Note: don't get fooled by the window.php thing. It has nothing to do with
PHP and the engine can be renamed as well window.web as lomg as your server
handle this MIME type. I was simply lazy to set the MIME type on my server
and reused an existing one. Any MIME type, file extension would work as long
as it is not .htm/.html and anything the browser platforms think could
What's happening behind the curtain of the previous link:
a) the URL is parsed on the client side just after window.xxx is loaded in
the browser platform.
b) parameters are extracted and passed to an interpreter handling different
function based on the parameters. For instance, it loads an XML document and
convert it into a DOM if the xml parameter is present. Idem for XSLT. In the
last case the "validate" parameter indicates to the engine to not validate
the parameter list. Some parameters like "xml", "xslt", "validate" are
reserved words. Other keywords than the reserved ones can be used as
parameter names. Here is an example where the default style is overloaded
with another one. Because the "css" keyword is not a reserved one it is
simply passed to the XSLT template for processing.
Here is the other link:
Now an alternative way to see the hierarchical collection with a widget
flatting it into a single layer drop box
The key thing here is to treat the browser as a platform like we would do
with other platforms like Java or .net.

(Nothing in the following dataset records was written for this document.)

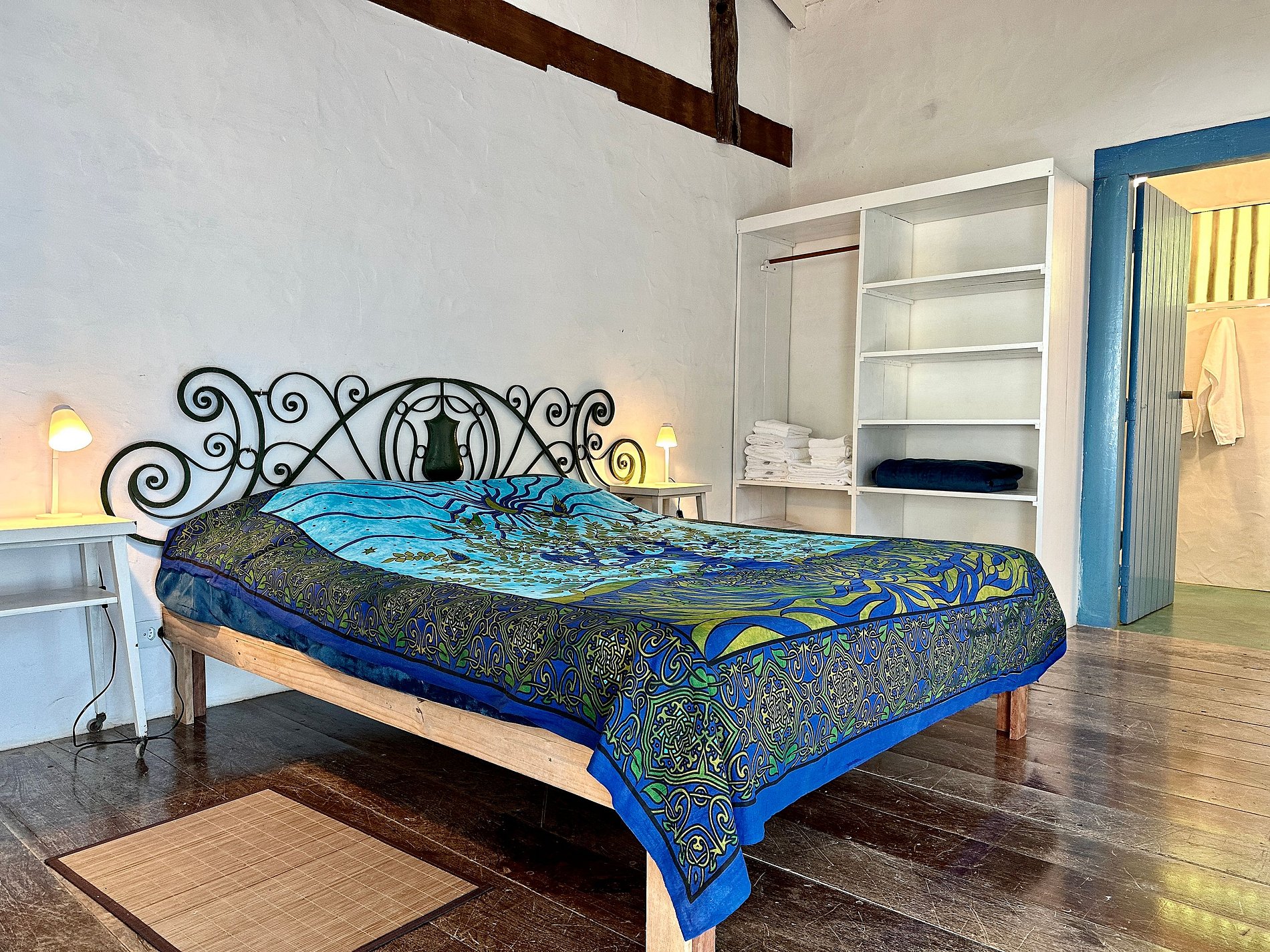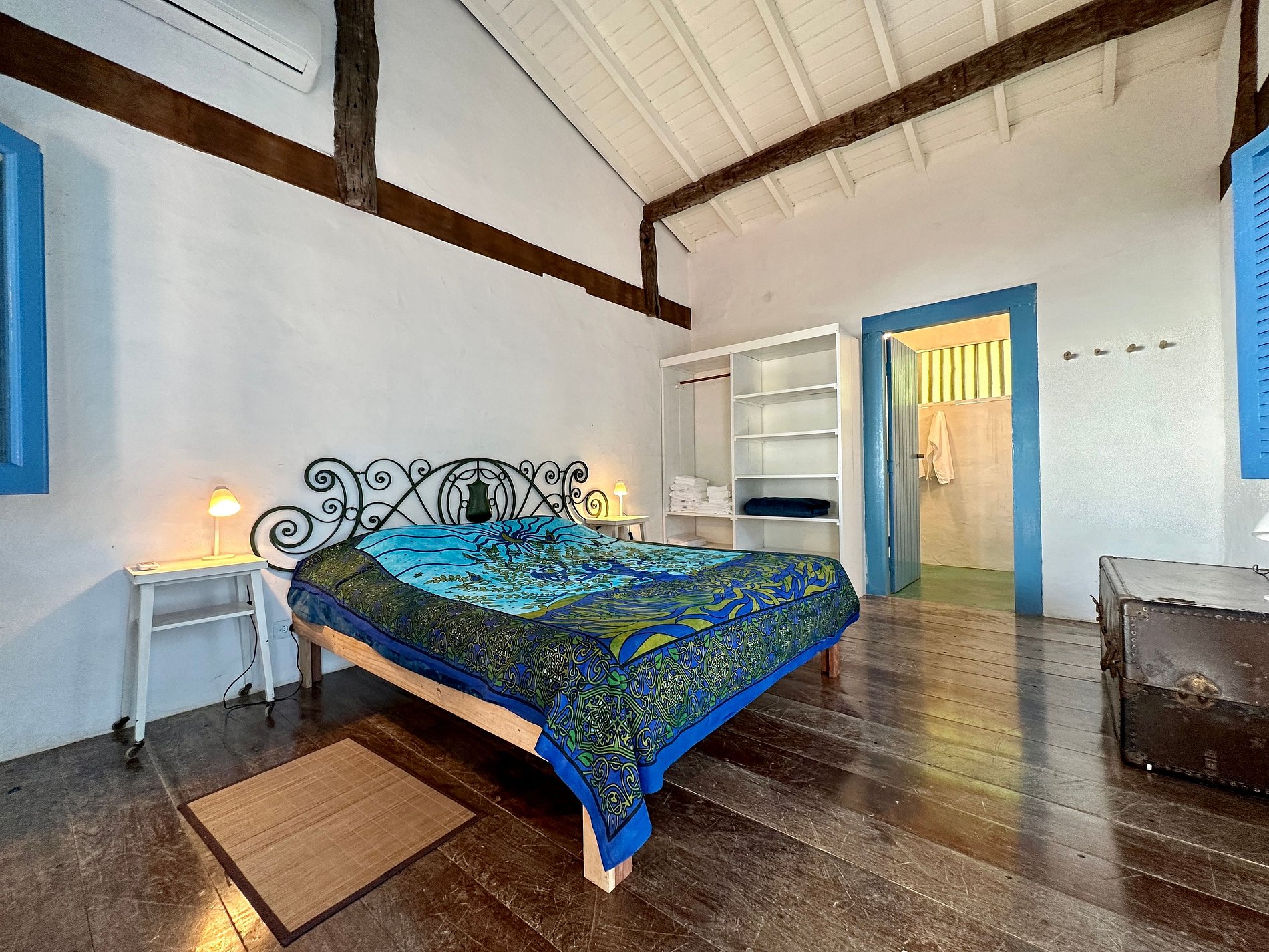 Suíte 1 - 1 cama de casal king, armário aberto, enxoval completo e acesso à varanda com vista para o mar;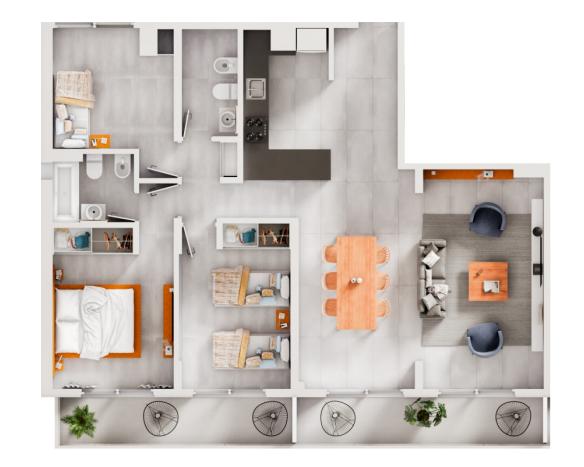 La mejor zona de Rosario. A metros del río, el parque y Bv. Oroño, el cual hacen de esta ubicación el punto ideal para vivir y disfrutar el día a día.DESCRIPCIONDepartamento en piso 5, de tres dormitorios con placares incorporados, (Uno de ellos tipo comodín). Cocina equipada con bajo mesada y alacena con barra desayunadora, lavadero independiente, artefactos de primera calidad. Pisos de porcelanato en todos los ambientes. Gran balcón al frente (Orientación Sur).DESTACADOSExcelente disposición y orientación.Calidad y detalles en terminaciones.Lavadero independiente.Cochera en el edificio.Conexión para gas natural.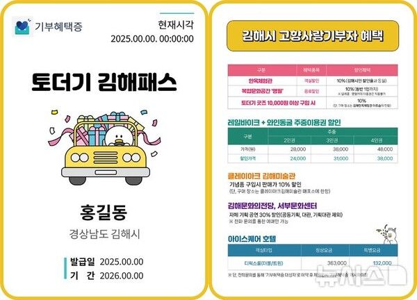 김해시는 연간 10만원 이상 고향사랑기부를 한 기부자에게 관내 관광·문화시설 이용시 다양한 할인 혜택을 제공하는 기부혜택증 '토더기 김해패스' 제도를 시행한다고 12일 밝혔다.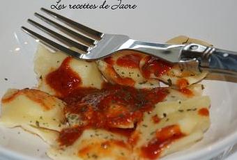 Pour mes premières ravioles maison, je suis assez contente de moi, la forme des pâtes y était et le goût aussi...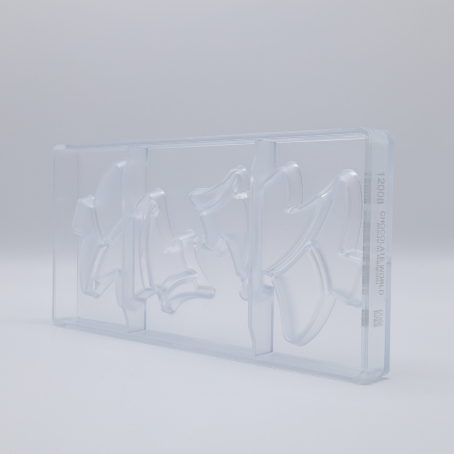 Polykarbonátové formy od spoločnosti CHOCOLATE WORLD vyrobené zo 100% polykarbonátu, veľmi pevný a ľahký potravinársky nezávadný plast. Vhodné na použitie od 5°C do 80°C. Formy sú ISO certifikované.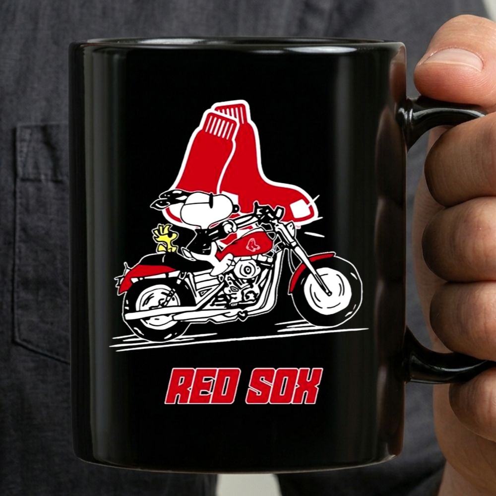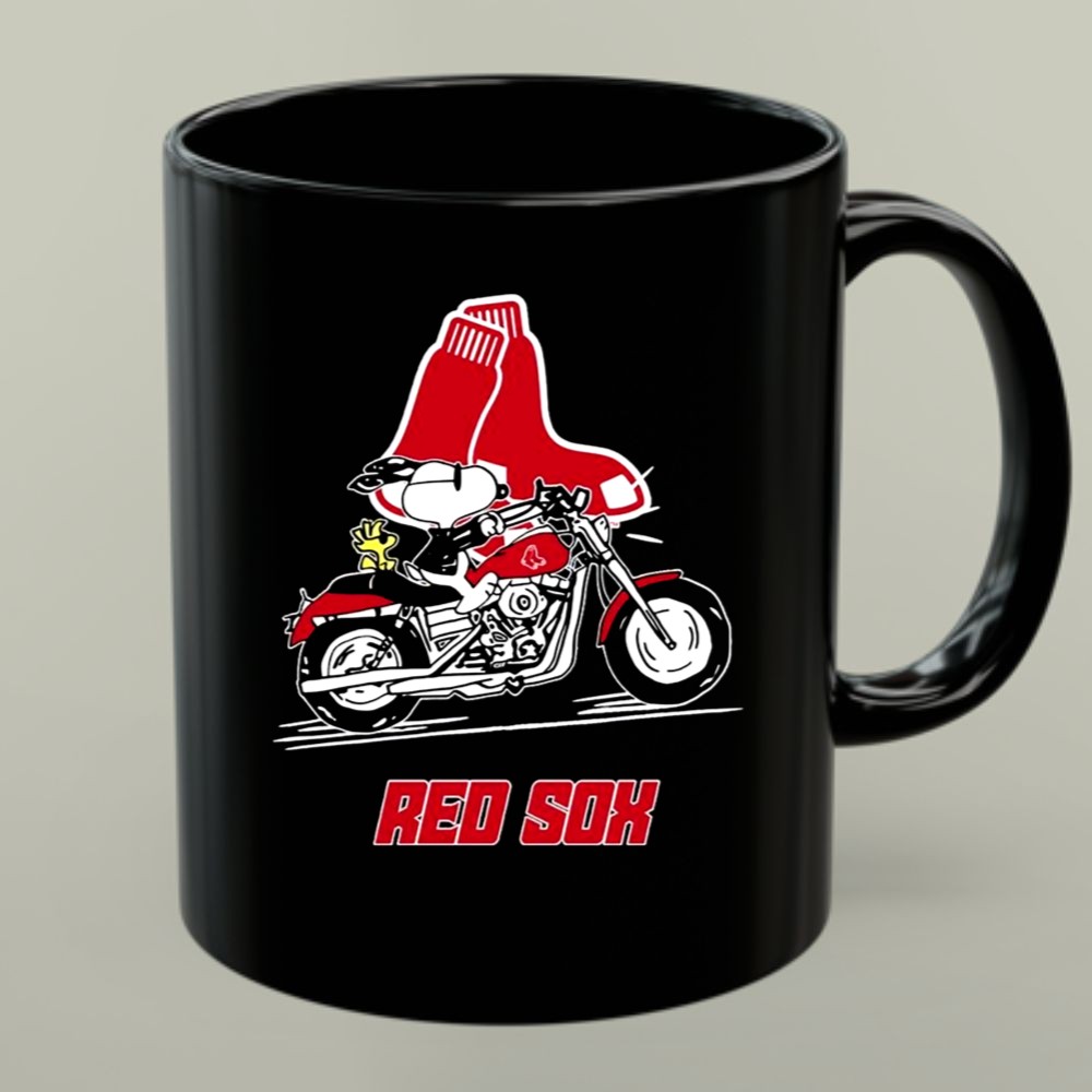 Snoopy and Woodstock driving motorbike Boston Red Sox Mug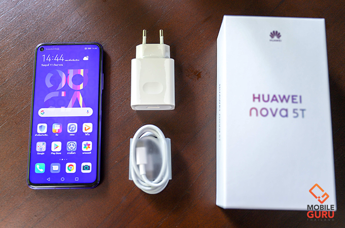 Huawei Nova 5T มาพร้อมตัวกล่องสีขาว ด้านหน้าของกล่องมีชื่อรุ่นแปะไว้ให้เห็นอย่างชัดเจน และภายในมีอุปกรณ์ภายในกล่องให้เริ่มต้นมาตามนี้เลยครับ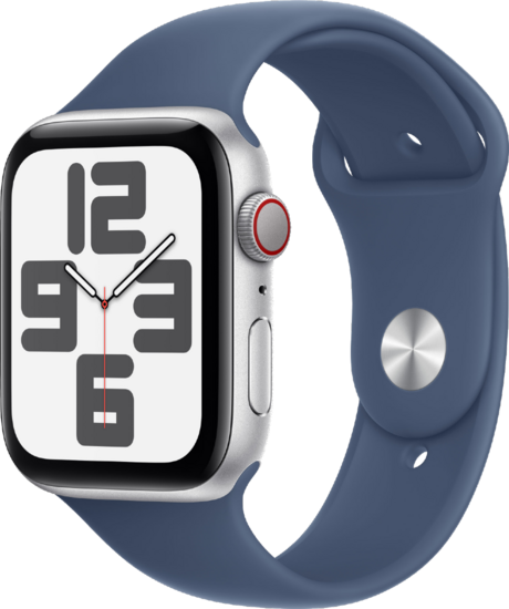 Apple Watch SE GPS + Cellular 44mm Silver Aluminium Case with Denim Sport Band - S/M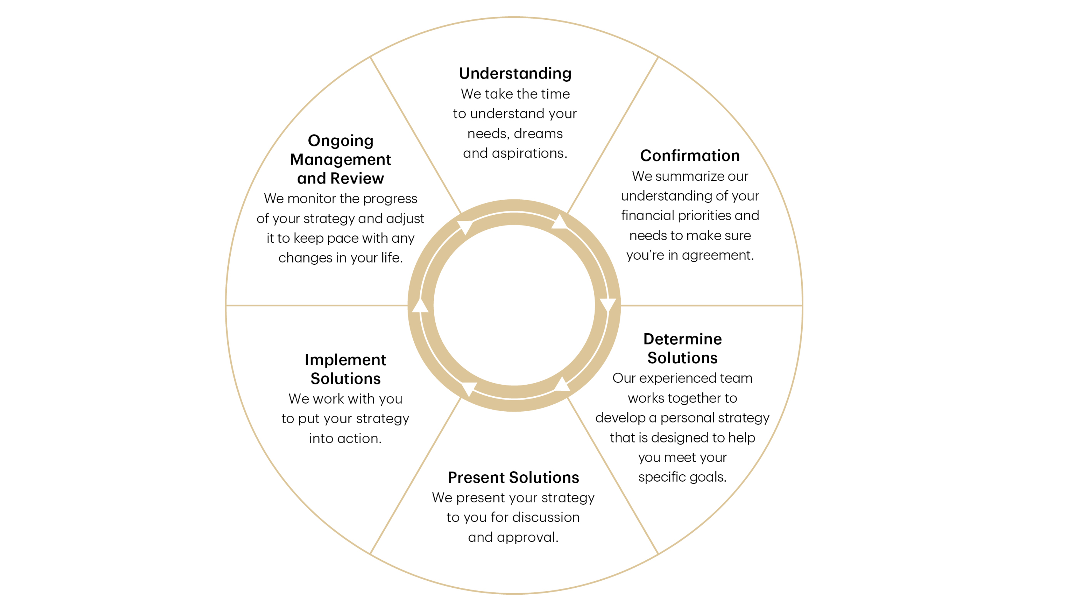 Our disciplined approach to wealth management starts with a unique deep discovery process. This helps to clarify your financial situation, identifies your short, medium and long-term personal and financial goals, and uncovers what is truly important to you and your family.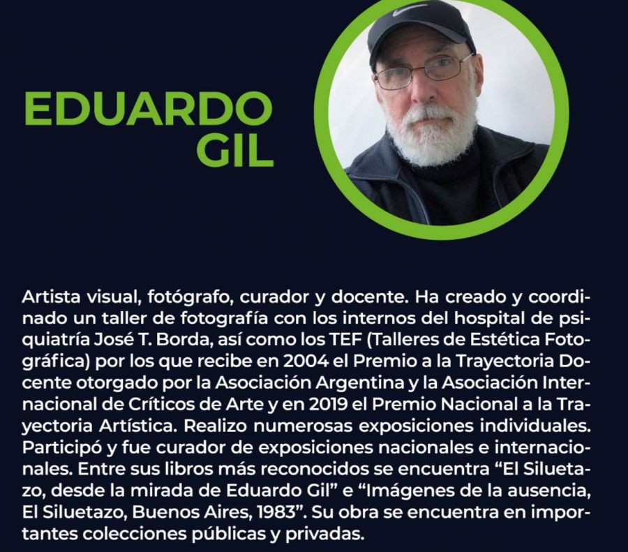 Eduardo Gil es artista visual, fotógrafo, curador y docente. Estudió sociología. Desde 1981 fue colaborador free-lance de los principales medios de prensa de Buenos Aires.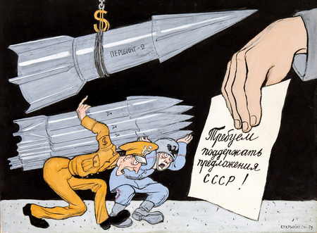 [1] Кукрыниксы, «НАТО. Пентагонка под одну машинку», 1977 г.; [2] Кукрыниксы, «Боеголовки НАТО», 1977 г.

To get something more sophisticated
than just HTML interpretation, we need more sophisticated tools. Luckily,
the browser platforms are more versatile than most people think it is (with
the exception of the AJAX movement who treat the browser as a run-time
sandbox able to interpret declarative (HTML) and non imperative languages
functionalities and hence add new interpreters through the plug-in mechanism
- as an example, to load an SVG interpreter).
Now, what about including an RDF description to indicate to the engine the
required capabilities? If present the engine can check the requirements and
possibly offers a way to download what is missing or redirect to another
downgraded information context. What do you think? Any suggestion on the
content of the RDF description or any other suggestion?